Tu vieja flor del tiempo en el dolor,
la rosa verdadera en lo que vive.

        (Ängel Mendoza)

   Llevaba tiempo queriendo volver a la carga, con las "Maneras de mirar" sobre todo, pero también con decenas de cosas que no fueran las urgencias estas cotidianas que me dejan en suspenso y acrecentándose las ganas de la poesía. En fin, el domingo me permite este ratito para lo innecesario y lo demorable (lo innecesario y demorable suele ser lo que acaba ganando dentro de una prestigio y, paralelamente, avidez. 
   Llevaba ya como dos semanas queriendo asomar a esta ventana el poema que me hizo exclamar una frase de admiración cuando lo leí. Es éste de arriba y pertenece al último libro de Ángel Mendoza. Sus versos recrean, libre y sabiamente, el tópico del collige virgo rosas, con su descripción de la belleza pasajera y su modo verbal imperativo como foco central del poema, como mandan los cánones del tópico referido; pero Mendoza lo revisa introduciendo dos verdades necesarias que lo hacen más universal (más aún que el tópico de Ausonio) y más ético. Esas dos verdades son: por un lado, la extensión del consejo a los dos sexos (dos "géneros" dirían ahora los semianalfabetos anglicistas metidos a ideólogos); por otro lado, la otra verdad es no cifrar la felicidad en el goce pasajero, urgente, del momento (ay, las urgencias de nuevo...), sino ampliarla a una dicha serena que se extiende en el tiempo.
   Respecto a lo primero, no olvidemos que en el tópico clásico la voz del poema es la de un varón que "lleva sus miras" cuando le dirige el sermoncito a una mujer joven y bella. Nada de eso hay en este poema que podría estar en boca tanto de una mujer como de un varón y cuyo fin no es sospechoso de ser el de satisfacer ninguna intención egoísta. 
  Respecto a lo segundo -la extensión del mandato de ser feliz-, el poeta parece sustituir ese "coge" ("collige") imperativo y urgente ("dum flos novus et nova pubes" = mientras es nueva la flor y nueva la juventud) por un "Agarra bien lo que en el corazón / entierra su verdad y sus raíces" (y recuerden los lectores no andaluces que en esta tierra "agarrar" se dice como sinónimo de "echar raíces").
  Fíjense en que la oposición de Ángel Mendoza no es juventud+ / vejez-, como mantenía el tópico clásico, sino verdad+/mentira- ("entierra su verdad" / "las otras son mentira"), esto es, realidad / entelequia. 

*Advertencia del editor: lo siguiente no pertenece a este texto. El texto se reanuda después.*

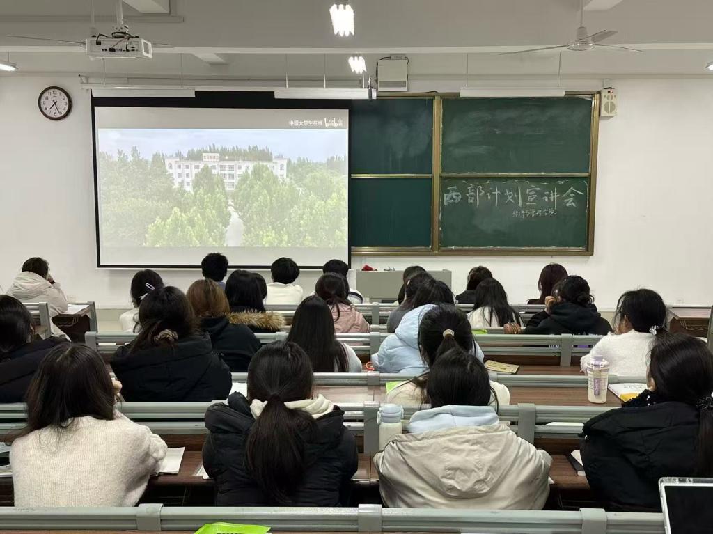 为进一步增强青年学生对国家西部发展战略的认识,弘扬“奉献、友爱、互助、进步”的志愿服务精神,12月18日,经济与管理学院在崇德楼509教室组织开展“青春向西行”西部计划专题观影活动,吸引我院众多有意向参与西部计划的学生到场参加。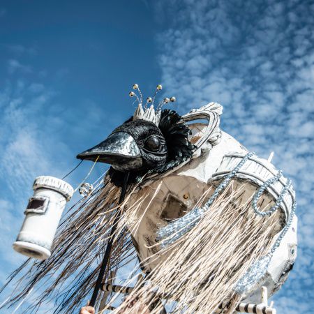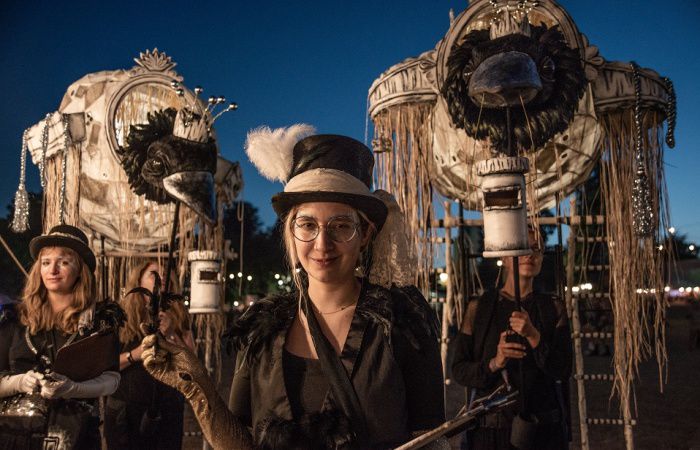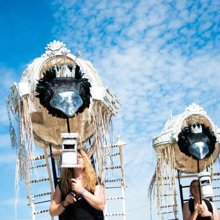 Our mystical walkabout act consists of two puppeteers leading the magpies and two helpers engaging with the audience to write messages for the birds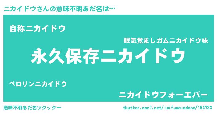 | 男性向けラノベタイトル風あだ名 | 『ニカイドウという概念が存在しない退屈な世界 』 |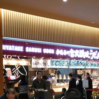 O restaurante fica no segundo andar do centro comercial e é facilmente acessível pela escada principal ou elevador. Os assentos estão dispostos de forma casual, permitindo refeições rápidas, e há espaço suficiente para ficar na fila.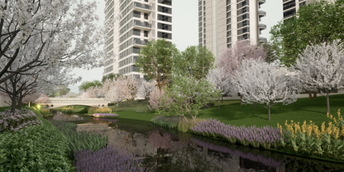 設計通過構建自然山水的意境、空間流轉的景觀游線以及高低錯落的立體花園,打造八重禮遇歸家及十大雅事居游體系,營造“流動”的園林體驗感和豐富的空間層次,展現步移景異的宋式風韻。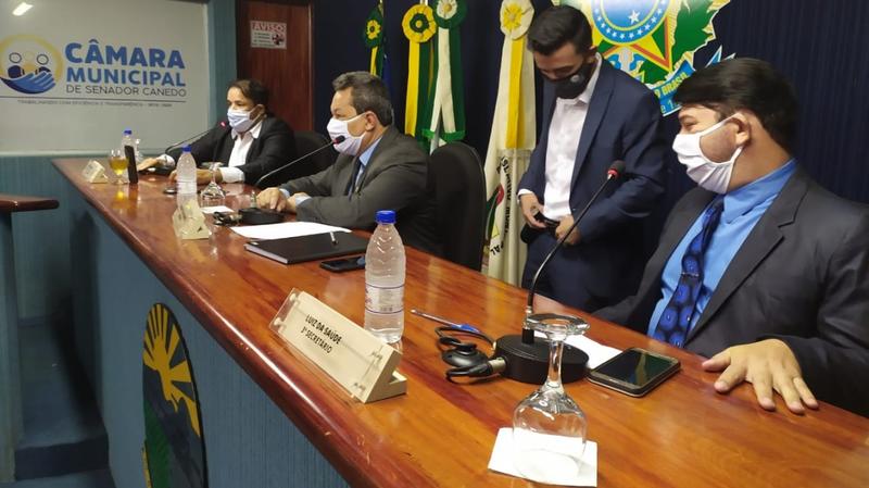 A Câmara de Senador Canedo realizou nesta quinta-feira, 28/05, a 6ª sessão ordinária do mês de maio, presidida pelo presidente da Casa, dr. Reinaldo Alves, com presença dos vereadores: Carpegiane Silvestre, Diego Graciano, Elismar Mendes (D’Mel), Eliel José, Luiz Mário Lisboa (Luiz da Saúde), Roberto Moreira (Betim), Rodrigo Rosa, Rosalvo de Souza, Sérgio Bravo Júnior, Vilmar Lima e Wander David. O acesso ao plenário ficou restrito aos parlamentares e às equipes de comunicação e legislativa, seguindo orientações que visam prevenir à proliferação do Coronavírus, medida que continuará nas próximas sessões.

  Conserva Ángel Mendoza la ligazón con la clasicidad usando verso rimado, sin dejar ninguno suelto, aunque él lo suaviza usando asonancias en lugar de las consonancias que le son originarias al tema en español. Mantiene también esta ligazón a lo clásico usando la acentuación propia del endecasílabo italiano (aunque forzando un pelín el primer verso, pero eso no le quita un ápice de armonía al conjunto). Lo hace mezclando el endecasílabo con heptasílabos y eneasílabos, pero es que esta es la forma más habitual del verso libre en español desde que Juan Ramón la consagrara en su Diario de un poeta recién casado, en la segunda década del siglo XX.
   Y aqui lo dejo. Ha sido tan solo un apunte para conseguir dos cosas: una, disfrutar aún más del poema avisando de su sabiduría; otra, repensar la belleza, sí, pero también repensar la relación entre verdad y dolor. 
   Y... eso, que ya lo dejo, querido lector; ya lo dejo donde tiene que estar: en tus manos.